Sonnenenergie für den ganzen Tag
Neuer Ansatz speichert Lichtenergie mit Hilfe photochemischer Reaktion über mindestens 14 Stunden.
Die Natur hat das Problem bereits gelöst: In der Photosynthese wandeln Pflanzen Kohlendioxid mit Hilfe von Sonnenlicht in chemische Verbindungen um — und zwar so, dass die in chemischen Bindungen gespeicherte Sonnenenergie auch dann zur Verfügung steht, wenn es dunkel ist. Forscher versuchen, diesen Prozess nach dem Vorbild der Natur nachzuahmen; allerdings funktioniert die solargetriebene Photochemie mangels geeigneter Speichermöglichkeiten bislang nur bei Helligkeit.
Das Forscherteam vom Leibniz-IPHT und der Universität Jena stellt nun einen molekularen Ansatz zur Speicherung von Sonnenenergie vor, mit dem es erstmals gelingt, photochemische Reaktionen vom Tag-Nacht-Zyklus zu entkoppeln und sie unabhängig vom Tageslicht stattfinden zu lassen.
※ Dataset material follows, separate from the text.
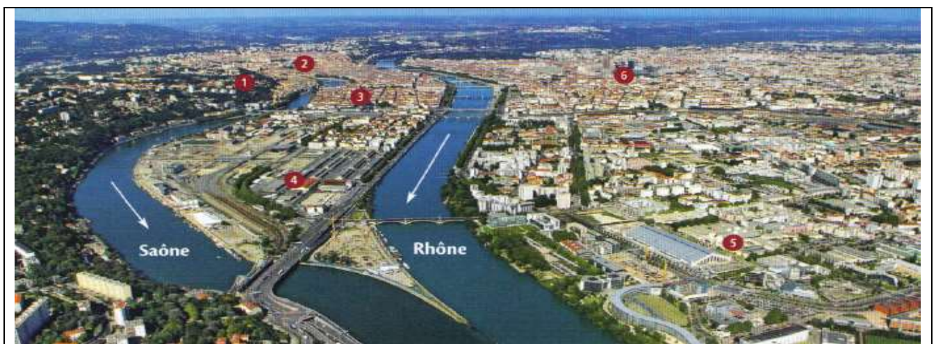
1 Fourvière 2 Croix-Rousse 3 Place Bellecour 4 Nouveau quartier Lyon Confluence 5 Gerland 6 La Part-Dieu

Im Unterschied zu bisherigen Ansätzen, die auf Festkörpermaterialien basieren, erzeugen die Forscher reaktive Photoredox-Äquivalente auf einem kleinen Molekül. Damit können sie die Lichtenergie nicht nur über eine zuvor nicht erreichte Dauer von mindestens 14 Stunden speichern, sondern sie bei Bedarf auch regenerieren.
„Die Abhängigkeit von Helligkeit und Dunkelheit war bislang eine große Hürde, wenn es darum ging, die solarbetriebene Photochemie für kontinuierliche industrielle Produktionsprozesse einzusetzen“, erläutert Martin Schulz, der an der Universität Jena sowie in der Abteilung „Funktionale Grenzflächen“ am Leibniz-IPHT forscht. „Wir gehen davon aus, dass unsere Ergebnisse neue Möglichkeiten eröffnen, um Systeme zur Umwandlung und Speicherung von Sonnenenergie sowie für die Photo(redox)katalyse zu erforschen.“
Im chemischen System, das die Jenaer Forscher im Rahmen des Sonderforschungsbereichs „CataLight“ entwickelten, befinden sich der Photosensibilisator und die Ladungsspeichereinheit auf demselben kleinen Molekül. Dies macht den intermolekularen Ladungstransfer zwischen einem separaten Sensibilisator und einer Ladungsspeichereinheit überflüssig. Das System behält auch nach vier Zyklen Dreiviertel seiner Ladekapazität bei.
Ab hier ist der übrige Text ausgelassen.